I think this error might be caused by irrelevant data.

Also, I couldn't find copy number reference profile sample files (.cnn) at all. If somebody who uses CNVkit frequently could give me a hint where to take proper data, my work in testing would have been much facilitated.

mr-c commented 8 years ago

@anton-khodak Did you look at https://travis-ci.org/common-workflow-language/workflows/builds/134234968 ?

mr-c commented 8 years ago

I think it is fine to just check in the generated descriptions; don't worry about writing a specific test. As long as the generated output parses, that is good enough for now.

brainstorm commented 8 years ago

I'm totally with @mr-c, we should focus first on CWL, not on specific tools since the amount of work can be quite substantial. If you want to see whether one of the CNVkit subtools works it's fine to dedicate some focused effort, but by no means aiming to cover the whole suite of tools.

Hope that makes sense ;)

brainstorm commented 8 years ago

OTOH, for a good example on how to test different tools (in my case SV callers), MetaSV has it quite well wrapped up:

https://github.com/bioinform/metasv

But this is just an example, don't spend too much time looking through it.

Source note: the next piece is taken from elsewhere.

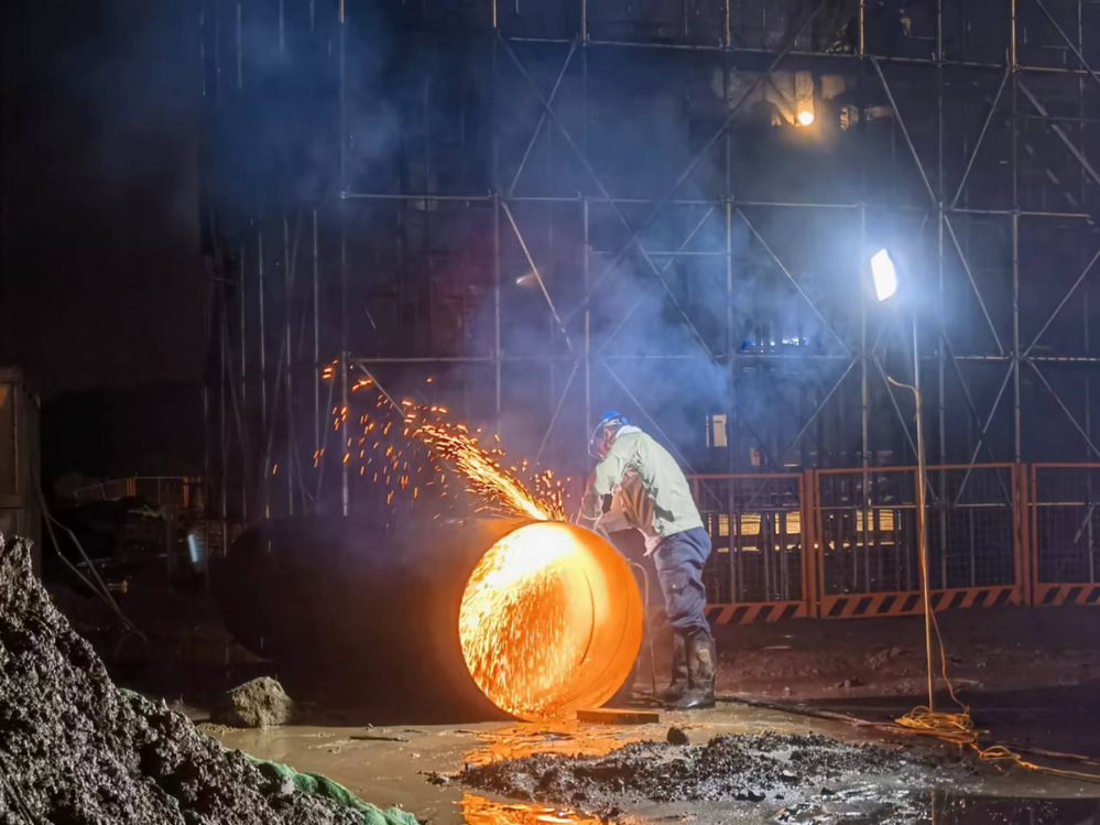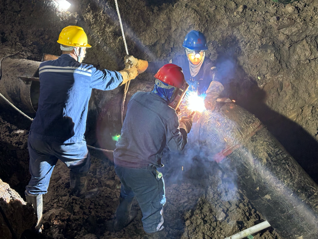 一線員工們淋著雨,站在渾濁的泥水里,全然不顧流淌的汗水,一鼓作氣的切割、吊移、校正、焊接……克服悶熱潮濕、蚊蟲叮咬等考驗(yàn),高效有序地施工,40余名現(xiàn)場(chǎng)工程人員全力奮戰(zhàn),協(xié)同配合,至23日凌晨完成全部工作任務(wù),提前6小時(shí)恢復(fù)供水。

anton-khodak commented 8 years ago

@brainstorm , that's great! I misinterpreted the goal of the PR, it was not to pass Travis checks but to merely validate those tools. In that case, I'll fix the job file (@mr-c pointed indirectly on that issue) and push all other tools.

UPD. I should have looked more closely at test/cwltest.py... Travis CI checks the mere validity of tools, not how they are executed (with or without errors).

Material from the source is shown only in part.